Among the four papers under consideration, the one by Memetea, is by far the most advanced, comprehensive and forward thinking. As a thesis written in a philosophy department, Memetea treatise is unique in that it makes a serious and successful effort to break away from the cocoon of “probabilistic causality” and examines Simpson’s paradox to the light of modern causal inference, including graphical models, do-calculus, and counterfactual theories.

Memetea agrees with our view that the paradox is causal in nature, and that the tools of modern causal analysis are essential for its resolution. She disagrees however with my provocative claim that the paradox is “fully resolved”. The areas where she finds the resolution wanting are mediation cases in which the direct effect (DE) differs in sign from the total effect (TE). The classical example of such cases (Hesslow 1976) tells of a birth control pill that is suspected of producing thrombosis in women and, at the same time, has a negative indirect effect on thrombosis by reducing the rate of pregnancies (pregnancy is known to encourage thrombosis).

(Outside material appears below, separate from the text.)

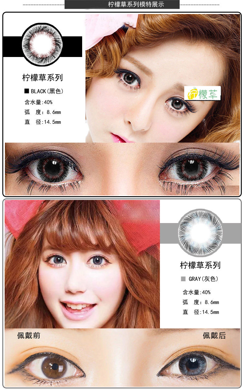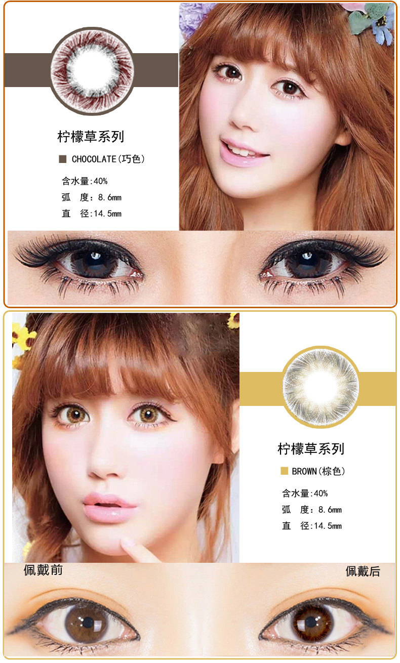 2 куска красивого зрачка молочная богиня XI Yan Lemon Series Черно -серая коричневая синяя фиолетовая миопия контактные линзы MD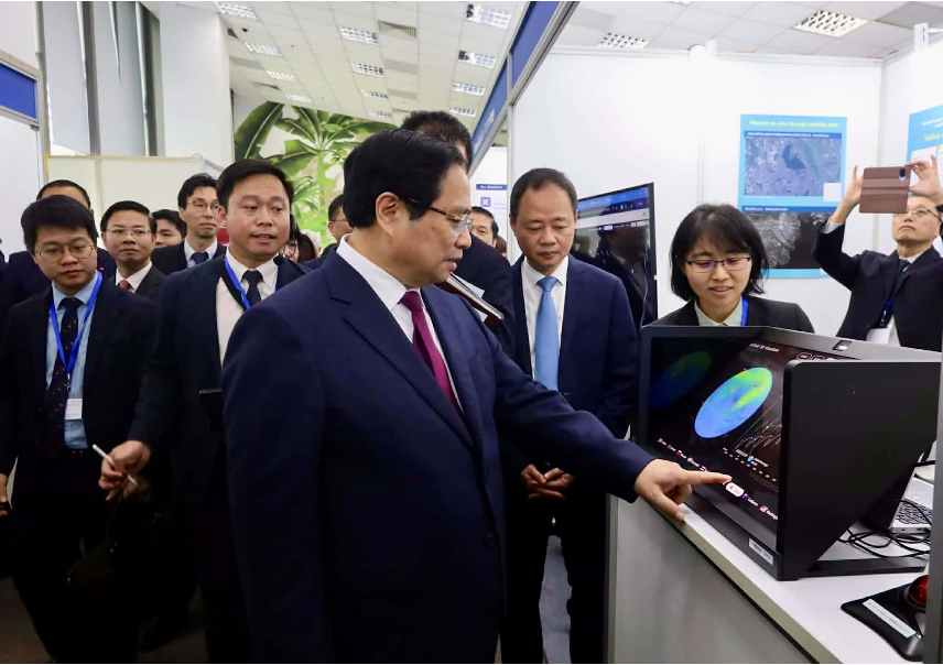 また、ブースにはベトナムのファム・ミン・チン首相も来訪し、GOSATを活用したビジュアライザーをご覧いただきました。衛星データを活用した気候変動観測や、日越間における衛星データ連携の可能性に高い関心が寄せられていることが伺えました。

I have always argued that Hesslow’s example has nothing to do with Simpson’s paradox because it compares apples and oranges, namely, it compare direct vs. total effects where reversals are commonplace. In other words, Simpson’s reversal evokes no surprise in such cases. For example, I wrote, “we are not at all surprised when smallpox inoculation carries risks of fatal reaction, yet reduces overall mortality by irradicating smallpox. The direct effect (fatal reaction) in this case is negative for every subpopulation, yet the total effect (on mortality) is positive for the population as a whole.” (Quoted from http://ftp.cs.ucla.edu/pub/stat_ser/r436.pdf) When a conflict arises between the direct and total effects, the investigator need only decide what research question represents the practical aspects of the case in question and, once this is done, the appropriate graphical tools should be invoked to properly assess DE or TE. [Recall, complete algorithms are available for both, going beyond simple adjustment, and extending to other counterfactually defined effects (e.g., ETT, causes-of-effect, and more).]

Memetea is not satisfied with this answer. Her condition for resolving Simpson’s paradox requires that the analyst be told whether it is the direct or the total effect that should be the target of investigation. This would require, of course, that the model includes information about the investigator’s ultimate aims, whether alternative interventions are available (e.g. to prevent pregnancy), whether the study result will be used by a policy maker or a curious scientist, whether legal restrictions (e.g., on sex discrimination) apply to the direct or the total effect, and so on. In short, the entire spectrum of scientific and social knowledge should enter into the causal model before we can determine, in any given scenario, whether it is the direct or indirect effect that warrants our attention.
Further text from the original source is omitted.